Monthly Archives: June 2011

Getting sshd to start as early as possible

In FreeBSD, sshd by default gets started quite late in the boot process, about the same time a console will show the login prompt. There’s quite a few services that can make trouble and hang before that. Annoyingly, you can’t fix a stuck system via ssh, since it’s not started yet. But as it turns out, sshd can be started quite a bit earlier than FreeBSD does by default.

The rcorder keywords in /etc/rc.d/sshd normally look like this:

# PROVIDE: sshd
# REQUIRE: LOGIN cleanvar
# KEYWORD: shutdown

Change the rcorder keywords like so:

# PROVIDE: sshd
# REQUIRE: NETWORKING cleanvar
# BEFORE: mountcritremote
# KEYWORD: shutdown

 

Now sshd will be started right after the network has been configured.
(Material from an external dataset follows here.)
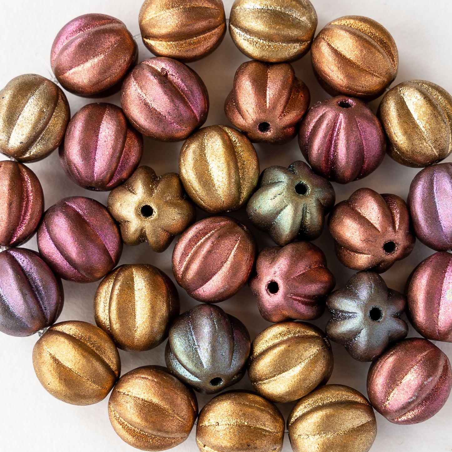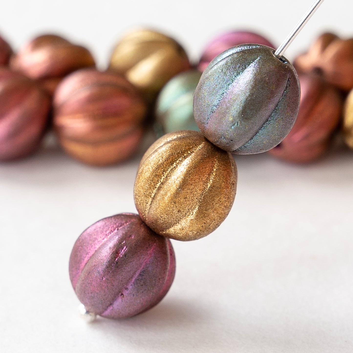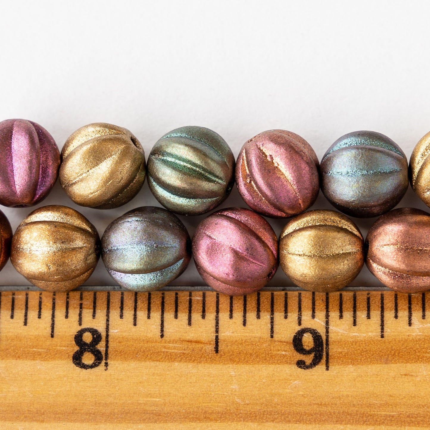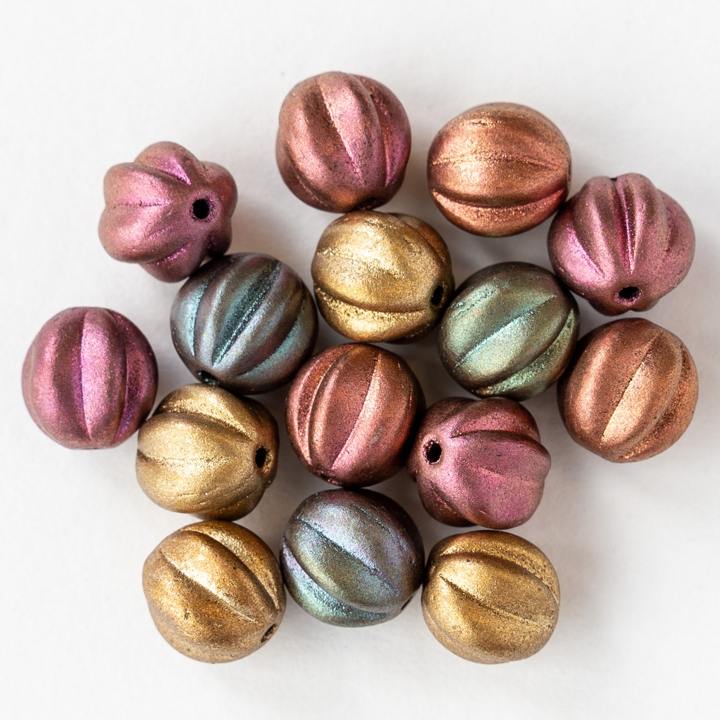 10mm Melon Beads - Metallic Bronze Iris Matte - 15 Beads

Note that starting sshd before certain parts of the system are ready might give you temporary or permanent errors. For example, starting sshd before the user home directories are mounted might cause problems with logins. However, if your machine has all critical filesystems on local disks, making these changes should not pose any problems, and will allow you to log in while the rc scripts are still running, giving you the opportunity to fix any misbehaving services.

Running bash as root’s shell only when it’s not broken

I like bash, mostly for its interactive features over FreeBSD’s standard Bourne-compatible shell, ash.
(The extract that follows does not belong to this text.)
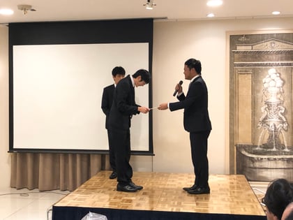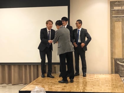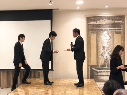 中間発表で指導書の発生枚数が少なかったEチームにチーム賞贈呈

Setting bash as the default shell for the root user however has a big downside: if you ever break bash or any of the libraries it depends on, you can’t log in as root anymore to fix it. I’ve tried quite a few ways to work around this, and I think I’ve finally figured out a good solution: leave the root shell as /bin/sh, and add this snippet at the end of /root/.profile:

[ -z "$BASH" ] && /usr/local/bin/bash -c 'true' && exec /usr/local/bin/bash

This will start bash, but only if the shell sourcing .profile isn’t bash, and bash can actually successfully be executed.

In FreeBSD 9, ash has apparently grown command name completion. Together with the editing functions (already available in FreeBSD 7), this might allow me to switch to ash as the default shell.